DATA IN THIS EXERCISE:
▼
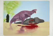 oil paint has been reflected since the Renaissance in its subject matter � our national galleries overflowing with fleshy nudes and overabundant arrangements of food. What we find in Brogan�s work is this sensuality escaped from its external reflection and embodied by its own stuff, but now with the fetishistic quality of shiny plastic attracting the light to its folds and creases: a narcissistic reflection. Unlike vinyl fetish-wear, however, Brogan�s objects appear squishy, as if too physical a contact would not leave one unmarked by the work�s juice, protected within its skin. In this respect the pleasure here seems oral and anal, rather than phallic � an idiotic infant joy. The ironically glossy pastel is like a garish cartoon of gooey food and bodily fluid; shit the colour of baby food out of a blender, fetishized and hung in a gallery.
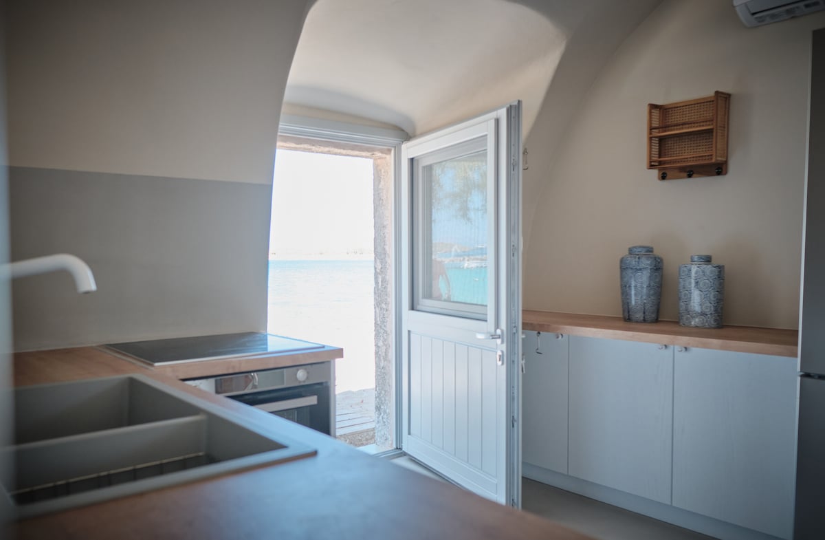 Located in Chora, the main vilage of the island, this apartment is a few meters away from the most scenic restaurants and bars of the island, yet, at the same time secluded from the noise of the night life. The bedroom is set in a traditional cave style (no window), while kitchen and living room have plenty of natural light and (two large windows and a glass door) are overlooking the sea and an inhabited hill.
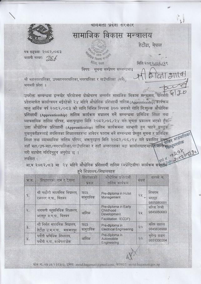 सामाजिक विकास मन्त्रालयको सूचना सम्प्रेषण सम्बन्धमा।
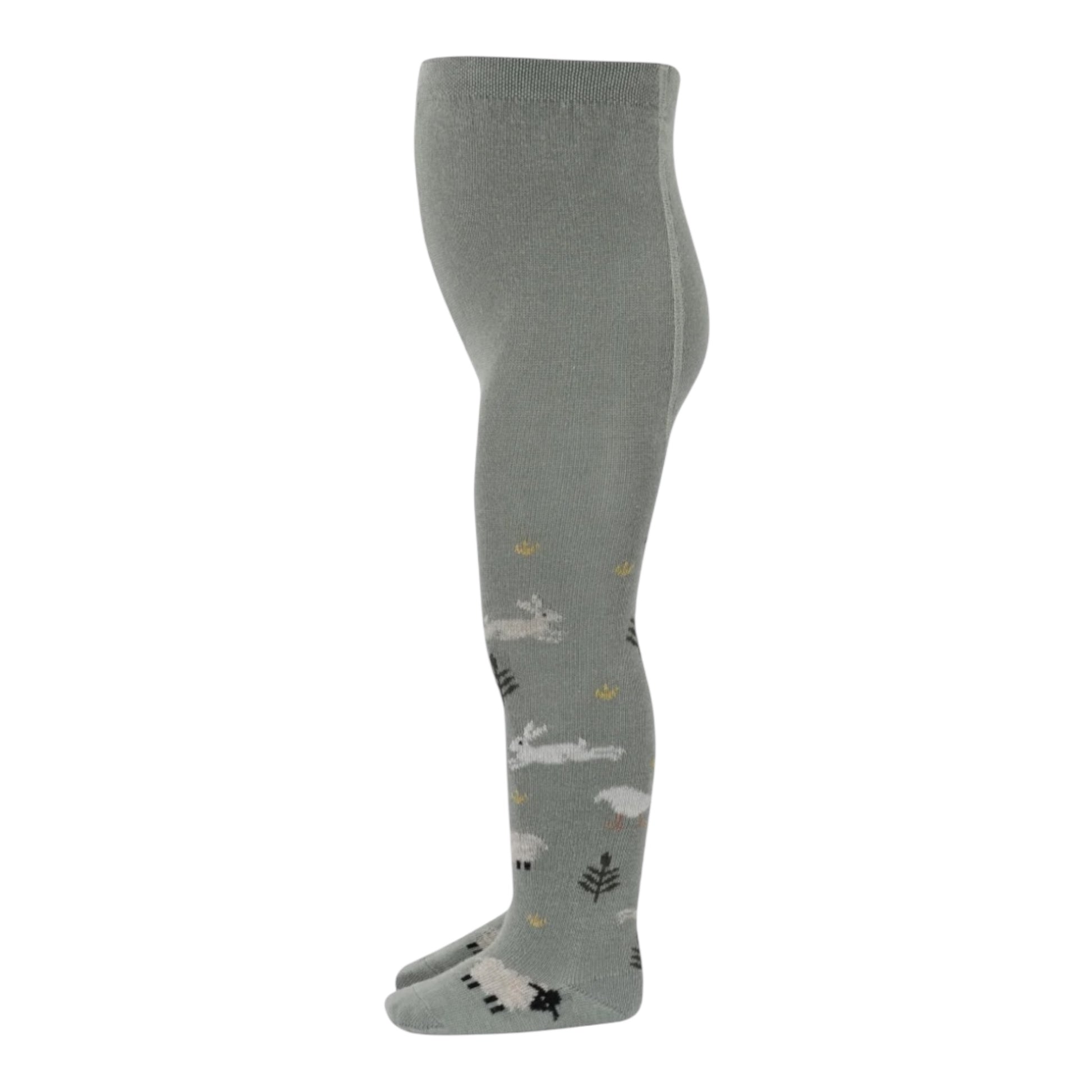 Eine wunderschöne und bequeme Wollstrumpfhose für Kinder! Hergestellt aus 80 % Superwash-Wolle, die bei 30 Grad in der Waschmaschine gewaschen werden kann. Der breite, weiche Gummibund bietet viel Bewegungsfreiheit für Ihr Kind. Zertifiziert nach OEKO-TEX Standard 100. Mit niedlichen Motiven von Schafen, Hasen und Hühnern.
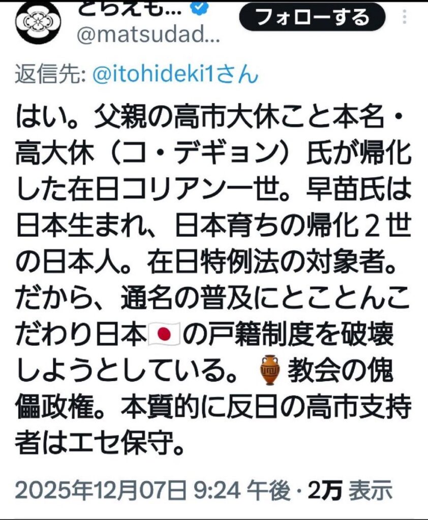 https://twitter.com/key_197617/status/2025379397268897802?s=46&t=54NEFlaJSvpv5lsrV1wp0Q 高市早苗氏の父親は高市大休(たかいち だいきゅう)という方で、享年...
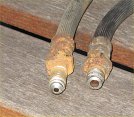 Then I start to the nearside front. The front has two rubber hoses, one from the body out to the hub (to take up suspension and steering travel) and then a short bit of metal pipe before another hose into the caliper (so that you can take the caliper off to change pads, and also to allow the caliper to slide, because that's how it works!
▲
REQUIRED ACTION: Only the pictures are to be dropped; return everything else in the listing exactly.

EXERCISE SOLUTION:
 oil paint has been reflected since the Renaissance in its subject matter � our national galleries overflowing with fleshy nudes and overabundant arrangements of food. What we find in Brogan�s work is this sensuality escaped from its external reflection and embodied by its own stuff, but now with the fetishistic quality of shiny plastic attracting the light to its folds and creases: a narcissistic reflection. Unlike vinyl fetish-wear, however, Brogan�s objects appear squishy, as if too physical a contact would not leave one unmarked by the work�s juice, protected within its skin. In this respect the pleasure here seems oral and anal, rather than phallic � an idiotic infant joy. The ironically glossy pastel is like a garish cartoon of gooey food and bodily fluid; shit the colour of baby food out of a blender, fetishized and hung in a gallery.
 Located in Chora, the main vilage of the island, this apartment is a few meters away from the most scenic restaurants and bars of the island, yet, at the same time secluded from the noise of the night life. The bedroom is set in a traditional cave style (no window), while kitchen and living room have plenty of natural light and (two large windows and a glass door) are overlooking the sea and an inhabited hill.
 सामाजिक विकास मन्त्रालयको सूचना सम्प्रेषण सम्बन्धमा।
 Eine wunderschöne und bequeme Wollstrumpfhose für Kinder! Hergestellt aus 80 % Superwash-Wolle, die bei 30 Grad in der Waschmaschine gewaschen werden kann. Der breite, weiche Gummibund bietet viel Bewegungsfreiheit für Ihr Kind. Zertifiziert nach OEKO-TEX Standard 100. Mit niedlichen Motiven von Schafen, Hasen und Hühnern.
 https://twitter.com/key_197617/status/2025379397268897802?s=46&t=54NEFlaJSvpv5lsrV1wp0Q 高市早苗氏の父親は高市大休(たかいち だいきゅう)という方で、享年...
 Then I start to the nearside front. The front has two rubber hoses, one from the body out to the hub (to take up suspension and steering travel) and then a short bit of metal pipe before another hose into the caliper (so that you can take the caliper off to change pads, and also to allow the caliper to slide, because that's how it works!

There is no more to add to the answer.